The allocation of InnoDB compressed pages is based on a binary buddy system, impelemented in buf0buddy.c. When the first 4k compressed page is allocated, buf0buddy.c will request a 16k page frame from the main buffer pool. This will then be split to 8k pages and further to 4k pages, to fulfill the request.

When a page is freed, the buddy system can try to relocate blocks in order to create bigger free blocks. If you are only using 4k compressed pages, it probably does not seem to make that much sense to try to relocate blocks in order to get a free 8k block when releasing a 4k block.

However, this relocation could still make some sense. If you release 4*n*4k blocks, the current system could release a full n*16k pages to the buffer pool. With the relocation disabled, in the worst case you would have one 4k block allocated in each 16k block, and the buffer pool would be underutilized.
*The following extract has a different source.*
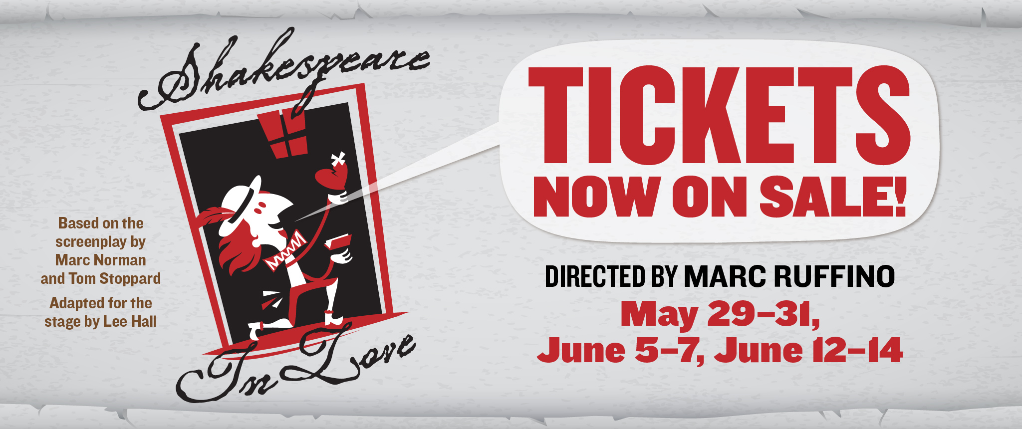 Adapted from the Academy Award-winning film. This hilarious and enchanting play takes imaginative liberties in exploring Shakespeare’s creative process. Young Will Shakespeare has writer’s block. With a looming deadline and no inspiration in sight, everything changes when he meets his muse: the brilliant, bold and beautiful Viola. This crafty young woman is Will’s greatest admirer and will stop at nothing—including breaking the law—to appear in his next play. Amid a whirlwind of mistaken identity, backstage antics and theatrical scheming, their forbidden romance blossoms, inspiring Shakespeare to write his greatest romantic masterpiece.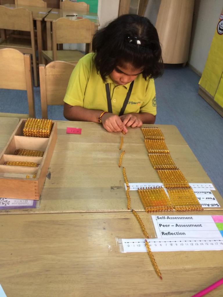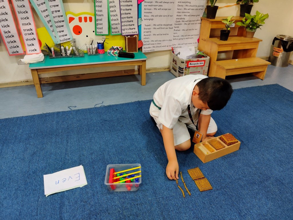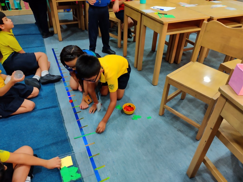 Students further strengthened their concept on patterns by creating various patterns using numbers, shapes, alphabets and colours.

It is somewhat tricky to test and tweak this, because pages are not freed directly, but through the buffer pool LRU and unzip_LRU mechanism.

Thank you for the great bug report, Yoshinori! 

I have marked this as verified and moved it into the internal bugs DB for the InnoDB team to examine further.

Note: I have fixed this issue in our branch by changing zip_free from a list to a rb tree.

Added changelog entry to 5.6.11, 5.7.1:

"When the InnoDB buffer pool is almost filled with 4KB compressed pages, inserting into 16KB compact tables would cause 8KB >pages_free to increase, which could potentially slow or stall inserts."